Homework 1
Due Friday, February 3 at midnight CST on Moodle
Please turn in a single PDF document containing (1) your responses for the Project Work and Metacognitive Reflection sections and (2) a LINK to the Google Doc with your responses for the Portfolio Work section.Project Work
Goal: Find a dataset to use for your final project, and begin getting acquainted with the data.
Details:
Your dataset should allow you to perform a supervised learning analysis (regression or classification) and an unsupervised learning analysis (clustering or dimension reduction). The following resources are good places to start looking for data:
- Google Dataset Search
- Kaggle
- UCI Machine Learning Repository
- Harvard Dataverse
- Macalester’s librarians are a great resource too! They can help you find data aligning with your interests. You can make an appointment using the Ask Us page on the library website.
Even if you end up working in a group on the project (which isn’t required - working alone is fine), please complete this initial work individually.

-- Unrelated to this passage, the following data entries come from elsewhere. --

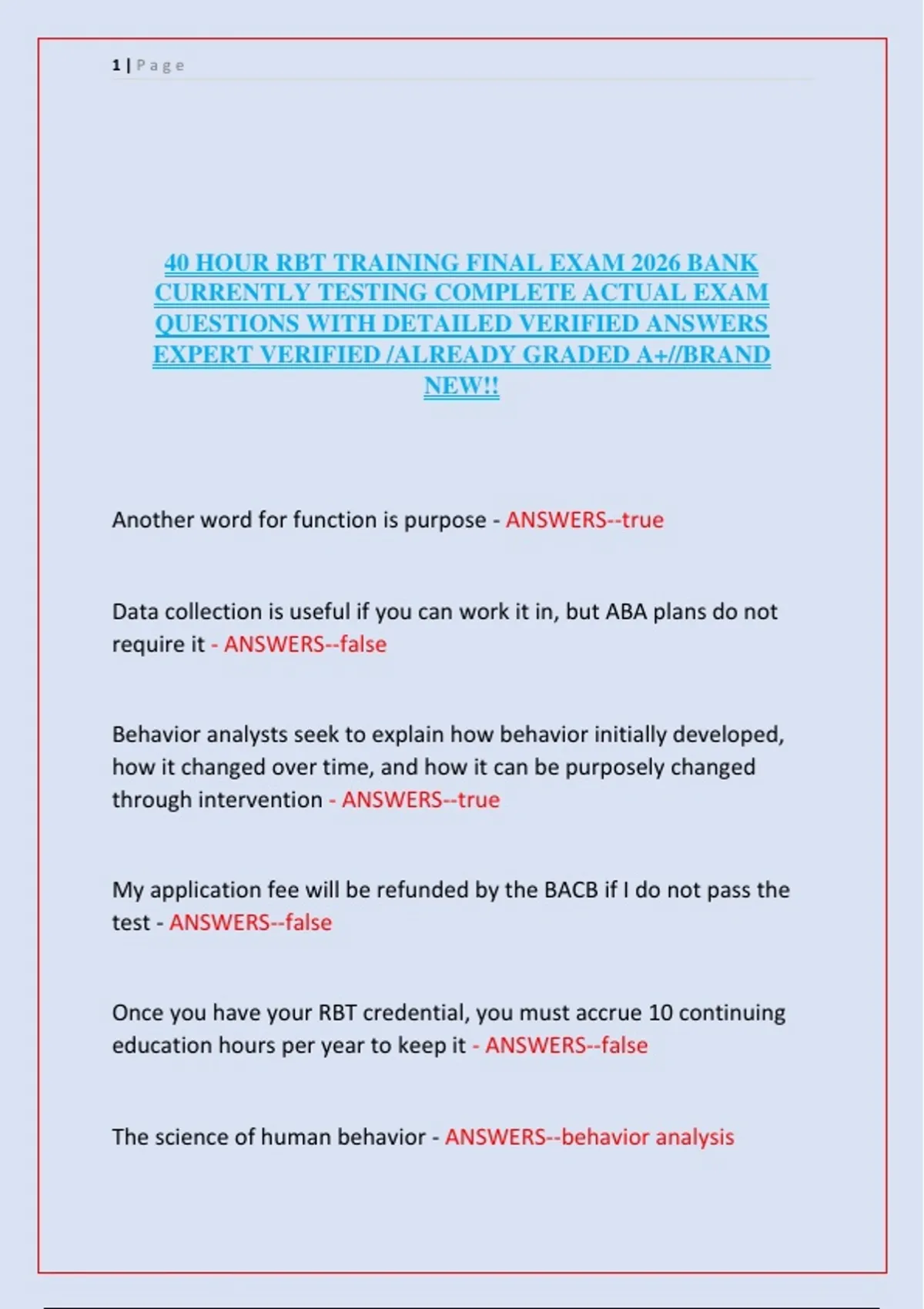 40 HOUR RBT TRAINING FINAL EXAM 2026 BANK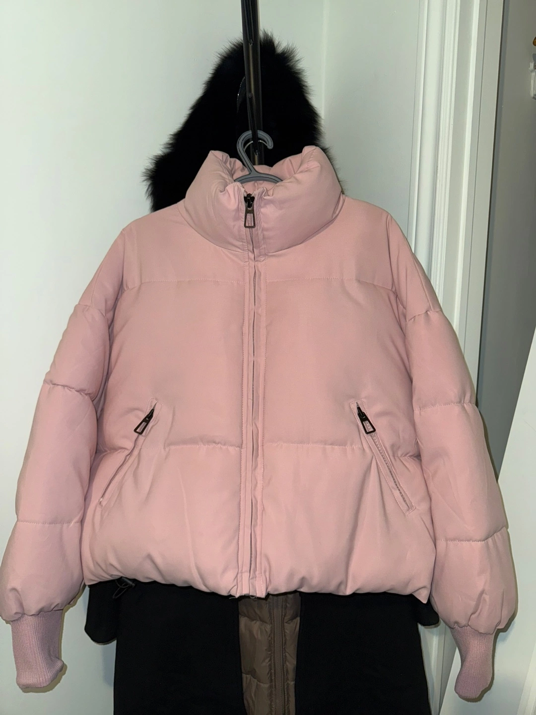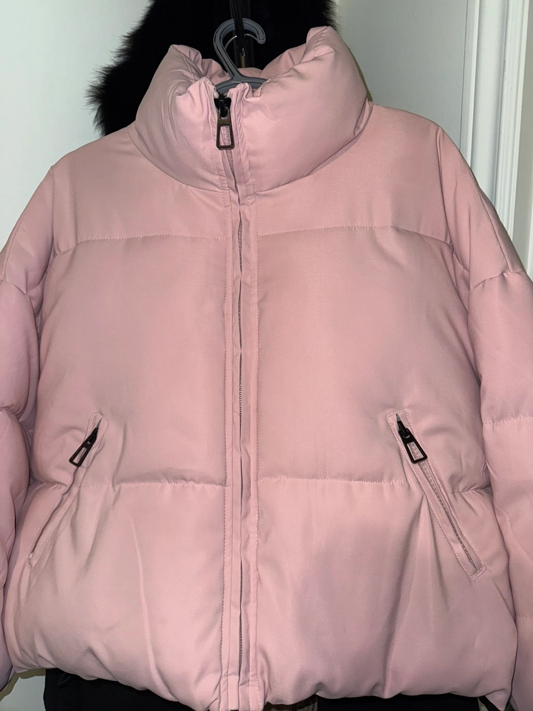 261A light pink puffer jacket. Featuring a high collar and a zipper closure. Including two side pockets. This jacket is perfect to cozy up in on those cold days.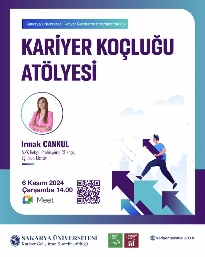 6 Kasım 2024 Çarşamba günü (yarın) saat 14.00'te gerçekleştirilecek olan 'Kariyer Koçluğu Atölyesi' konulu online etkinliği yapılacaktır. Afiş üzerindeki QR kodu okutarak etkinliğe giriş yapılabilir.
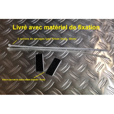 - Delivered with two 12 inch mounting clamps and a 2 inch strip of adhesive Velcro (scratch), which will let you attach the box with ease where you wish.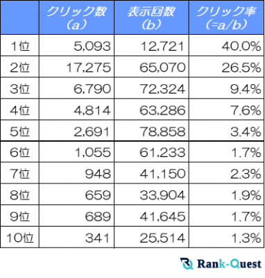 ・特に6位以下になると3%台を大きく割り込み2%前後です。これは上位枠以外に表示されるとユーザーの目に止まりにくくなるためと推測できます。
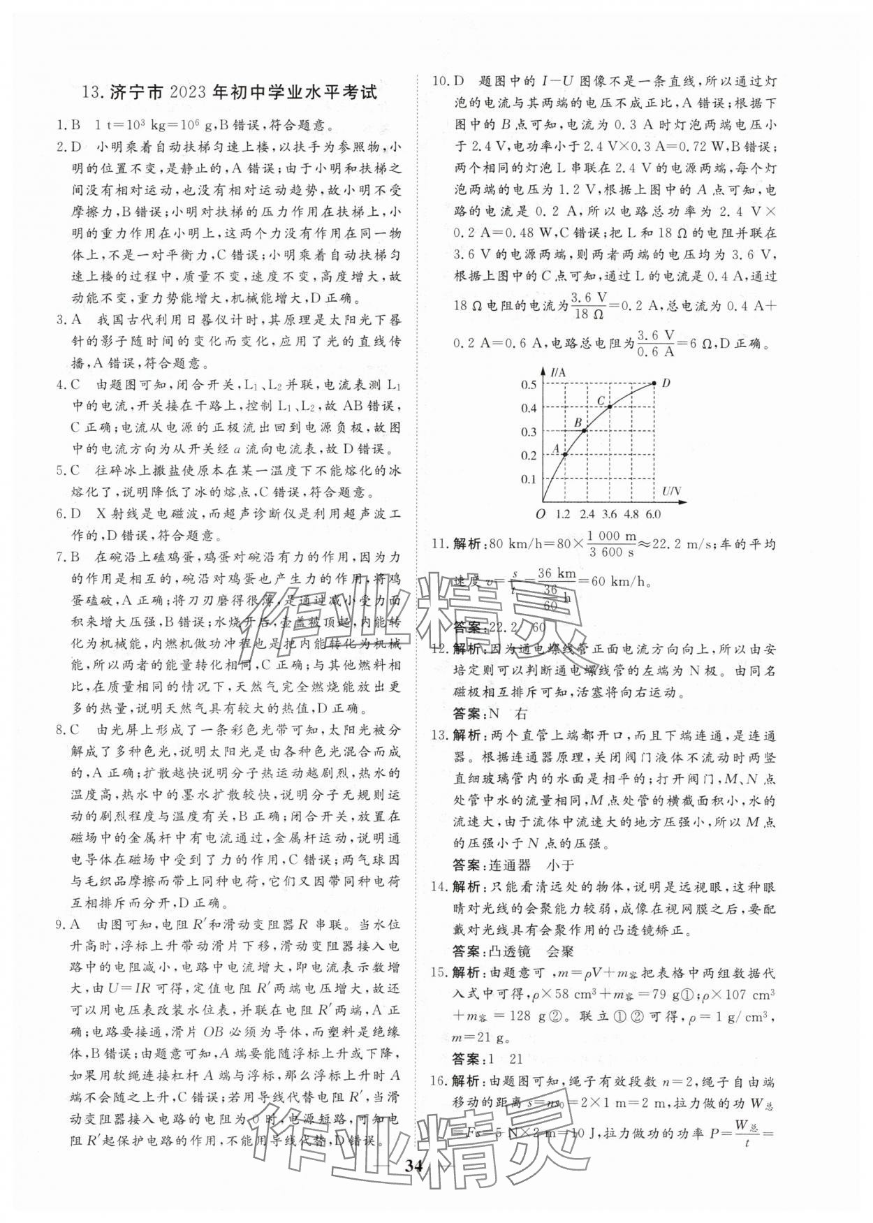 注:目前有些书本章节名称可能整理的还不是很完善,但都是按照顺序排列的,请同学们按照顺序仔细查找。练习册 2024年风向标初中学业水平测试山东省各地市中考试题汇编物理 答案主要是用来给同学们做完题方便对答案用的,请勿直接抄袭。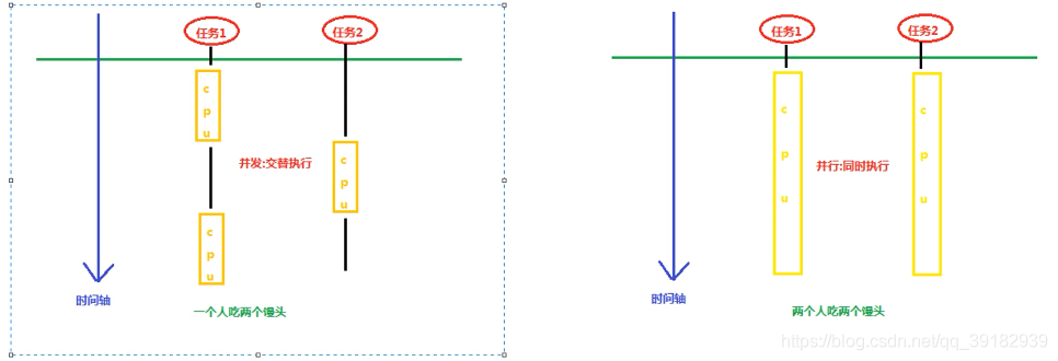 并行:指两个或多个事件在同一时刻发生(同时发生)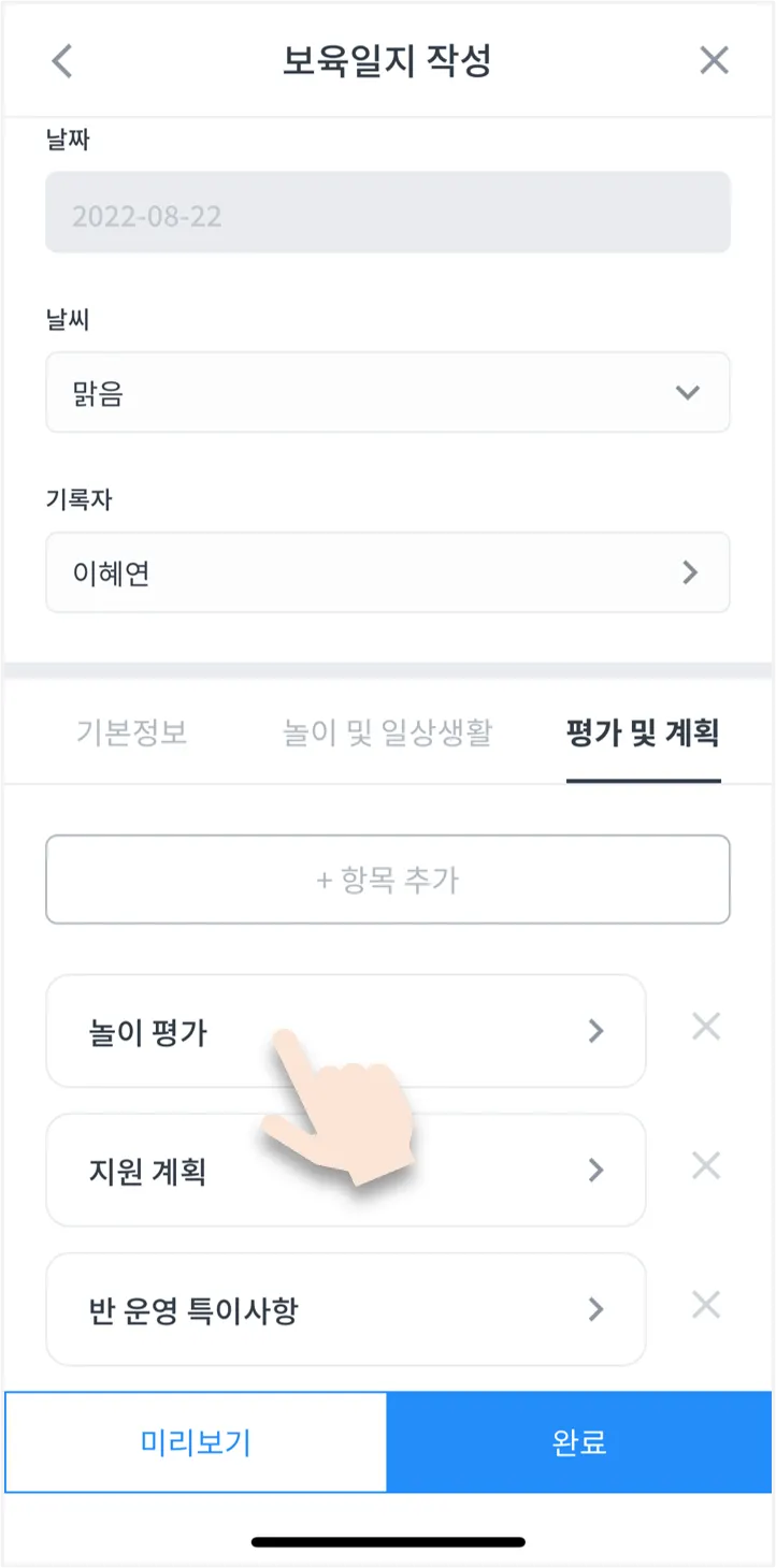 보육일지 평가 및 계획에서는 놀이평가, 지원 계획, 반 운영 특이사항 항목이 기본 노출됩니다.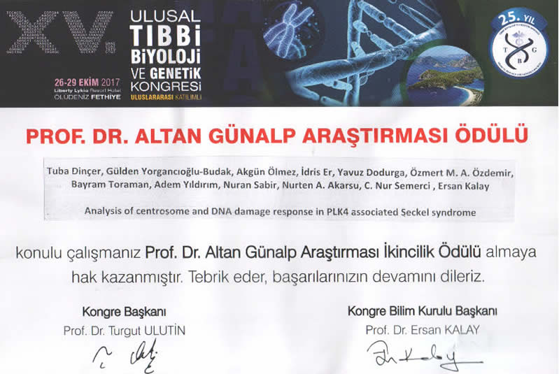 2. Prof. Dr. Altan Günalp Araştırması İkincilik Ödülü; Dinçer T, Yorgancıoğlu-Budak G, Ölmez A, Er İ, Dodurga Y, Özdemir ÖM, Toraman B, Yıldırım A, Sabir N, Akarsu NA, Semerci CN, Kalay E. Analysis of centrosome and DNA damage response in PLK4 associated Seckel syndrome.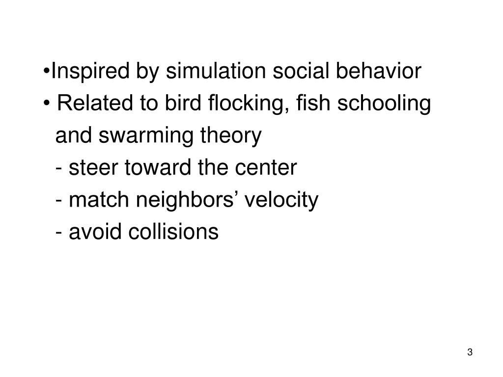 Inspired by simulation social behavior • Related to bird flocking, fish schooling and swarming theory - steer toward the center - match neighbors’ velocity - avoid collisions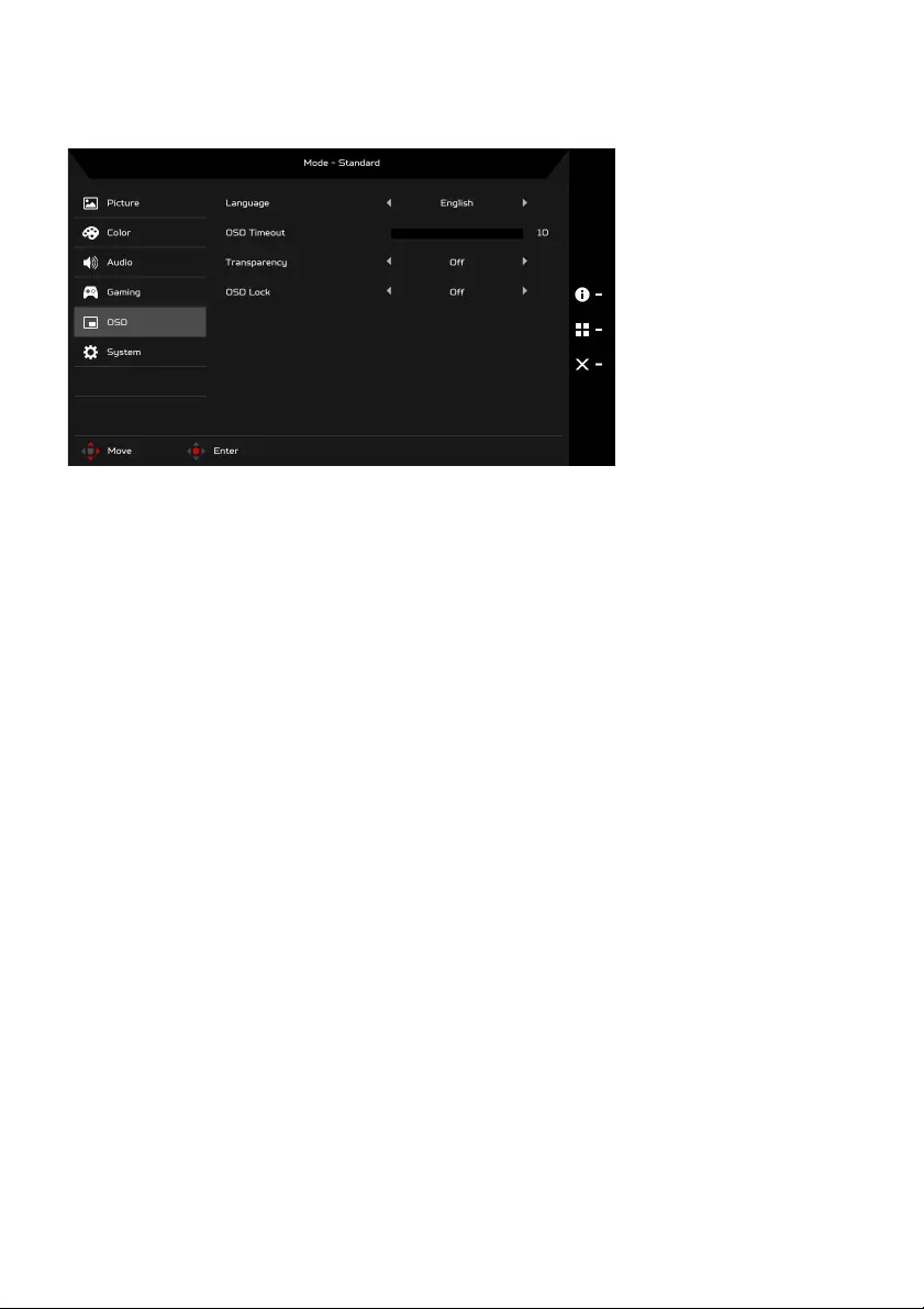 5. Time-out OSD: pas de vertraging aan voorafgaand aan het uitschakelen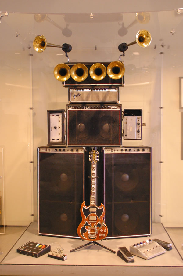 To create his distinctive guitar sound, Cipollina developed this one-of-a-kind amplifier stack. All of his guitars, including the one here, were wired with two pickups, one for bass and one for treble. The bass pickup fed into the two Standel bass amps on the bottom of the stack. Each Standel was equipped with two 15-inch speakers. The treble pickups fed the two Fender amps-a Fender Twin Reverb with two 12-inch speakers and a Fender Dual Showman- that drove the six Wurlitzer horns.

Check in with the instructor early if you need help.
Deliverables:
Write 1-2 paragraphs (no more than 350 words) summarizing:
- The information in the dataset and the context behind the data. Use the prompts below to guide your thoughts. (Note: in some situations, there may be incomplete information on the data context. That’s fine. Just do your best to summarize what information is available, and acknowledge the lack of information where relevant.)
- What are the cases?
- Broadly describe the variables contained in the data.
- Who collected the data? When, why, and how?
- 2 (tentative) research questions
- 1 that can be investigated in a supervised learning setting (regression OR classification–you’re welcome to do both if you wish!)
- 1 that can be investigated in an unsupervised learning setting (clustering OR dimension reduction–you’re welcome to do both if you wish!)
- Note: These research questions might evolve over the course of the semester, and that’s fine! Having some idea of potential research directions now will still be helpful.
Also make sure that you can read the data into R. You don’t need to do any analysis in R yet, but making sure that you can read the data will make the next steps go more smoothly.
Portfolio Work
Over the course of the semester, you will use your understanding of course ideas to build up a written portfolio that you can refer to years down the line. Each homework assignment will have prompts that require you to reflect on Data Ethics as well as concepts related to machine learning methods that are enduring, important, and worth being familiar with. (Refer to our syllabus on Moodle for a reminder of this breakdown.)
You will receive comments on your responses from the instructor and preceptors that you can use to evaluate your understanding and to revise your work on subsequent assignments throughout the semester.
Logistics:
- Make a copy of this Google Doc. You will use this SINGLE Google Doc for your homework responses (and revisions) all semester. (A single doc facilitates seeing feedback and revisions over time.)
- Update the sharing permissions on your doc so that anyone with the link can provide comments.
Note: Some prompts below may seem very open-ended. This is intentional. Crafting good responses requires looking back through our material to organize the concepts in a coherent, thematic way, which is extremely useful for your learning. Remember that writing is a superpower that we are intentionally honing this semester.
Areas to address:
Data Ethics: Read the article Amazon scraps secret AI recruiting tool that showed bias against women. Write a short (roughly 250 words), thoughtful response about the themes and cautions that the article brings forth.
Overfitting: The video used the analogy of a cat picture model to explain overfitting. Come up with your own analogy to explain overfitting.
Evaluating regression models: Describe how residuals are central to the evaluation of regression models. Explain how they arise in quantitative evaluation metrics and how they are used in evaluation plots. Include examples of plots that show desirable and undesirable model behavior (feel free to draw them by hand if you wish) and what steps can be taken to address that undesirable behavior.
Cross-validation: In your own words, explain the rationale for cross-validation in relation to overfitting and model evaluation. Describe the algorithm in your own words in at most 2 sentences.
Subset selection:
- Algorithmic understanding: Look at Conceptual exercise 1, parts (a) and (b) in ISLR Section 6.6. What are the aspects of the subset selection algorithm(s) that are essential to answering these questions, and why? (Note: you’ll have to try to answer the ISLR questions to respond to this prompt, but the focus of your writing should be on the question in bold here.)
- Scaling of variables: Does the scale on which variables are measured matter for the performance of this algorithm? Why or why not? If scale does matter, how should this be addressed when using this method?
- Computational time: What computational time considerations are relevant for this method (how long the algorithms take to run)?
- Interpretation of output: What parts of the algorithm output have useful interpretations, and what are those interpretations? Focus on output that allows us to measure variable importance. How do the algorithms/output allow us to learn about variable importance?
LASSO:
- Algorithmic understanding: Come up with your own analogy for explaining how the penalized least squares criterion works.
- Scaling of variables: Does the scale on which variables are measured matter for the performance of this algorithm? Why or why not? If scale does matter, how should this be addressed when using this method?
- Computational time: What computational time considerations are relevant for this method (how long the algorithms take to run)?
- Interpretation of output: What parts of the algorithm output have useful interpretations, and what are those interpretations? Focus on output that allows us to measure variable importance. How do the algorithms/output allow us to learn about variable importance?
Metacognitive Reflection
How do you feel about your level of understanding for the topics that we have covered so far? What were some notable themes in self- and peer-noticings? (What has been confusing and/or intriguing based on pre-class videos, in-class activities, and this homework assignment?) How do these reflections inform your next steps for developing stronger understanding and/or advising future students learning about these topics?